Chapter 16 “Set Your Own Goals”

Learning How to Set Goals

  • Turn everything into a goal
    • Make solving a problem or making a decision into a goal
    • Make getting what you want or need into a goal
  • Omit the shoulds
  • Don’t limit yourself
  • Write goals on paper
  • Commit written goals to God
  • Let go – don’t obsess or worry
  • Do what you can, one day at a time
    • Follow your gut or desire
  • Set goals regularly and as needed
  • Check off reached goals
  • Celebrate and thank God for reached goals
  • Be patient

Chapter 17 “Communication”

Many Codependents:

  • manipulate
  • are people pleasers
  • are controlling
  • cover things up
  • assign/use guilt or try to alleviate guilt
  • repress feelings and thoughts
  • have ulterior motives
  • have low self-esteem or self-worth and feel a lot of shame
  • react inappropriately
  • allow abuse and use badgering as a tool
  • justify, rationalize, compensate and threaten

Codependent communication is indirect and not forthright, regardless of intention.

Fear of rejection fuels our inability to say who we are and what we want or need or allow others to do the same.

The words we speak reflect who we are. If we don’t love or trust our thoughts, feelings or wants and feel we are not worthy, we will judge others and expect them to have all the answers. We will control others to ensure they are “pleased” and force things to happen because that is all we have.
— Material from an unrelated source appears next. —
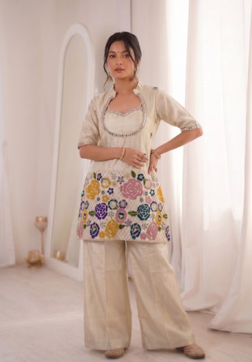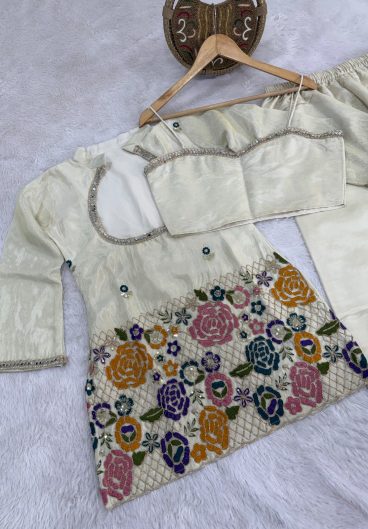 Premium Tissue Shimmer Silk Top with Heavy 3mm Sequence Coadding Embroidery Work With Real Mirror Work Co-Ord Shimmer Set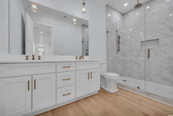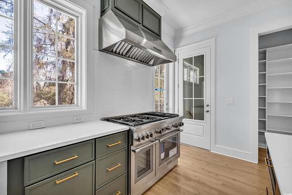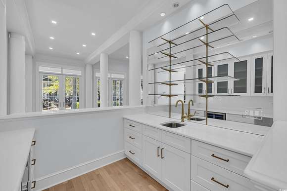 A one-of-a-kind property, completely Renovated to preserve the home's classic low country charm while adding sophisticated modern touches. Situated on over 5 acres of private riverfront, manicured grounds overlooking the Waccamaw River. Offering 4 bedrooms, 4.5 bathrooms & is a masterpiece of modern design and historical preservation, blending the best of both worlds. You will notice the pristine landscaping offering sweeping views of historic rice fields that stretch out like a tapestry below, with views of the water. The entryway with its grand staircase not only serves as a path to the upper level, but a striking focal point with plenty of natural light coming through the expansive windows. On either side of the foyer are two large rooms with marbled finishes, fireplaces-what could be a fabulous dining room, library, or another living room-endless options! The fireplaces have new, remote controlled logs. The original wood floors have been refinished and crown molding has been added throughout, enhancing the architectural beauty of each room. The large family room is the heart of the home and offers creative possibilities for design and layout. Together, the family room, wet bar, and half bath create a spacious and functional hub. The newly designed wet bar is conveniently located providing a great space for entertaining. Equipped with custom cabinetry, a quartz countertop, Hoshizaki ice-maker, wine cooler and glass shelving for glassware. French doors open to the expansive porches, making it the perfect space for enjoying a quiet evening or a lively gathering. The covered, wraparound porches on each level that invites relaxation, where you can enjoy the breeze and take in the panoramic scenery. The open floor plan flows nicely into the Gourmet Kitchen, which has been meticulously planned and equipped with stainless steel, state-of-the-art appliances including a professional-grade range & oven, custom cabinetry, vast island, quartz countertops and designer light fixtures. There are two Bosch dishwashers ensuring effortless clean up. For additional storage, the kitchen features both a pantry and a butler's pantry with plenty of shelving and cabinets. There is a functional desk area within the kitchen which blends practicality into the space. An Elevator serves each floor, ensuring ease of movement throughout the home. An additional bedroom, closet and full bathroom was added downstairs off of the main living area. A great guest, bonus or primary room if one chooses. Follow the staircase up to the expansive, primary suite with high ceilings and natural light. One of the standout features of this room is the private, balcony with stunning views. The finishes of the primary ensuite are sleek and refined offering a freestanding soaking tub, an oversized, tiled, Steam shower, double vanities, custom designed His/Her closets and a water closet. In addition, on the third level are two, oversized bedrooms each offering plantation shutters, private bath and custom closets. Three-car garage with ample amount of parking along with plenty of storage with 3 storage spaces and a workshop with granite countertops. Another amazing, feature is the climate, controlled Wine Cellar designed to store your wine collection in ideal conditions. There is a charming guest cottage nestled within the grounds, whether used as guest quarters or an office this cottage provides a tranquil space away from the main residence. The cottage offers beautiful wood floors, fireplace, full bathroom and walk-in closet. This home is a masterful blend of Southern charm and modern luxury, designed to complement the natural beauty of its surroundings. Homeowner's enjoy both River & Ocean side amenities. The River side offers the private marina & a deeded boat slip for the homeowner, clubhouse, fireplace, sitting area and kitchenette. Prince George is one of the most exclusive neighborhoods around & the only south strand community to stretch from the ocean to the river.

To speak openly and honestly is fun!

  • Who we are is okay.
  • Our feelings and wants are okay.
  • Our opinions count.
  • Its okay to discuss our problems.
  • Its okay to say no.

When your answer is “No,” start out with “No.” Don’t start with: I don’t think so…

Use:

  • I feel…
  • This is what I think…
  • This is what I need…
  • This is what I want…

It is not polite to lie about what you want, need, think or feel – It is lying.

Other phrases we should become comfortable with:

  • I love you but I love me too…
  • This is what I need to do to take care of me…
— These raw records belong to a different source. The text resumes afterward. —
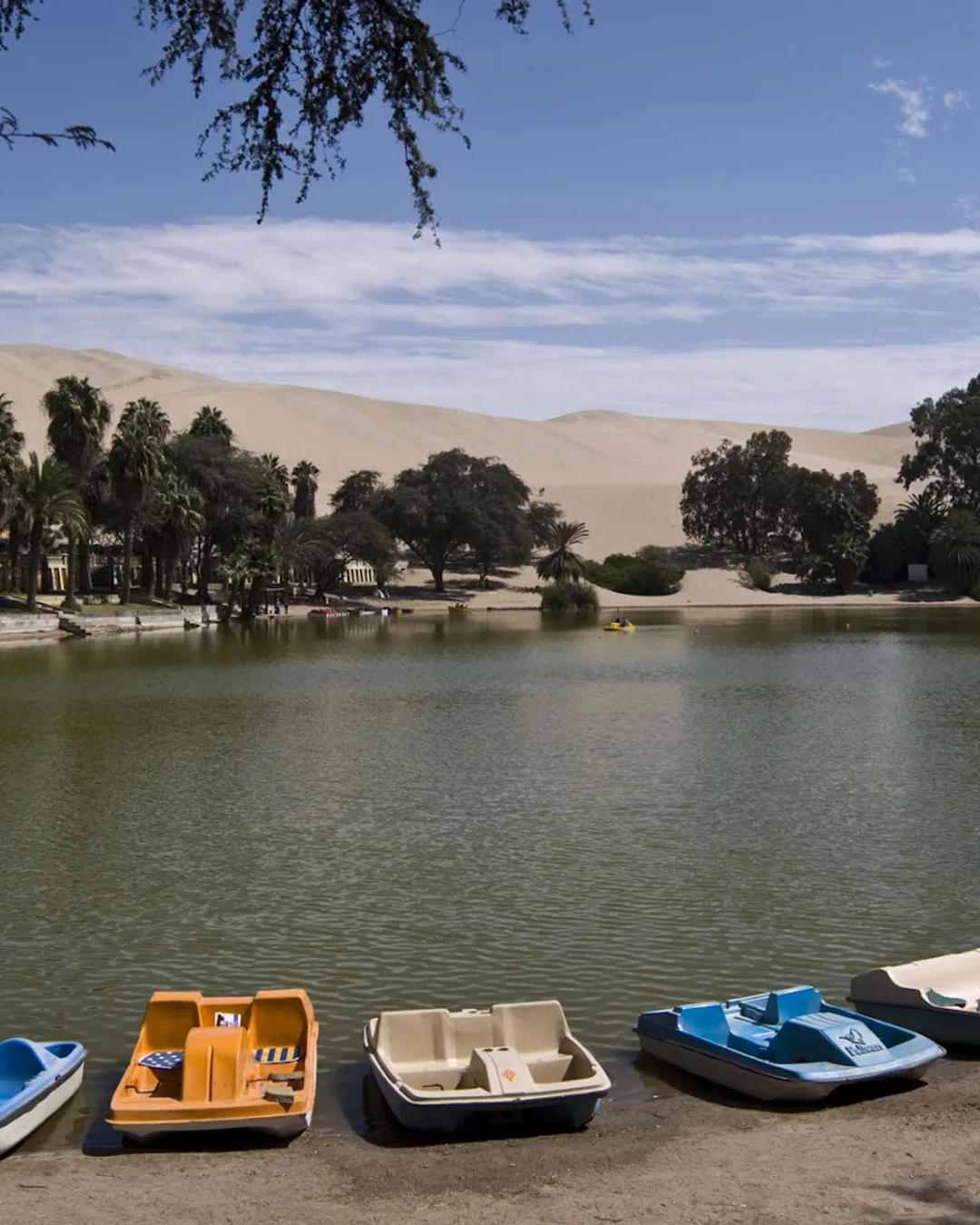 Desert oasis surrounded by dunes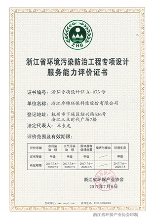 浙江省環(huán)境污染防治工程專項(xiàng)設(shè)計(jì)服務(wù)能力評(píng)價(jià)證書
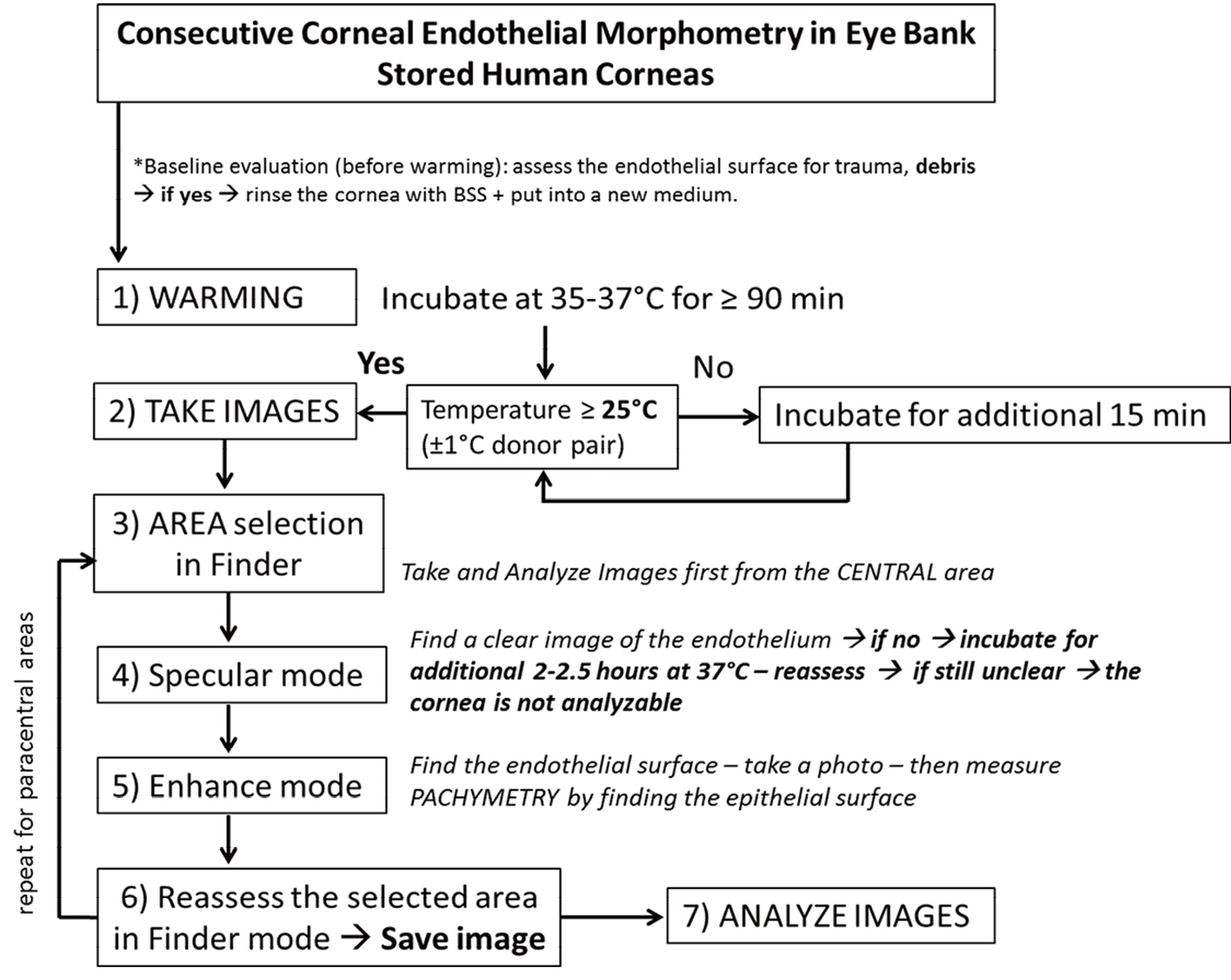 ex vivo dual imaging specular microscope. The protocol was developed to take into consideration the major confounding factors that could skew a proper image evaluation in a research setting.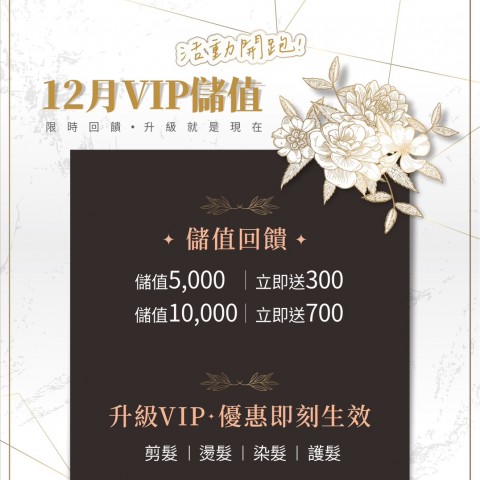 12 月限定活動|VIP 儲值回饋 儲值方案 .儲值 5,000 ➜ 送 300 .儲值 10,000 ➜ 送 700 儲值即升級 VIP 會員 享指定專案 剪 / 燙 / 染 / 護 9 折優惠 (優惠立即生效,12 月最划算) 名額有限・額滿即止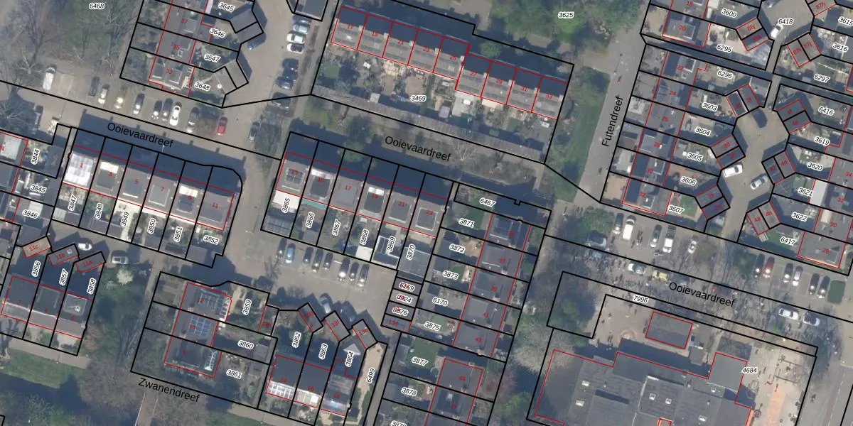 Gebruik de zoekbalk of klik op een perceel voor informatie over de adressen binnen dit perceel.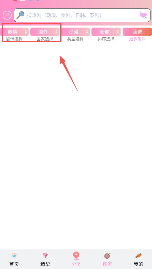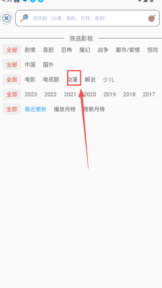 3、除了详细筛选,你也可以用快捷入口。搜索页上的“动漫”、“美剧”等按钮,是预设好的分类筛选,特别方便追特定区域剧集的用户。

It is okay to ignore other people’s nonsense. We can tell others, “I am sorry you are having problems,” and then let it go. We don’t have to fix them.

Phrases we can use to defend ourselves:

  • I don’t want to discuss this…
  • This is my limit…
  • I will not tolerate this…

Work A Twelve Step Program

Chemical dependency and other compulsive disorders destroy beautiful, intelligent, sensitive, creative, loving people.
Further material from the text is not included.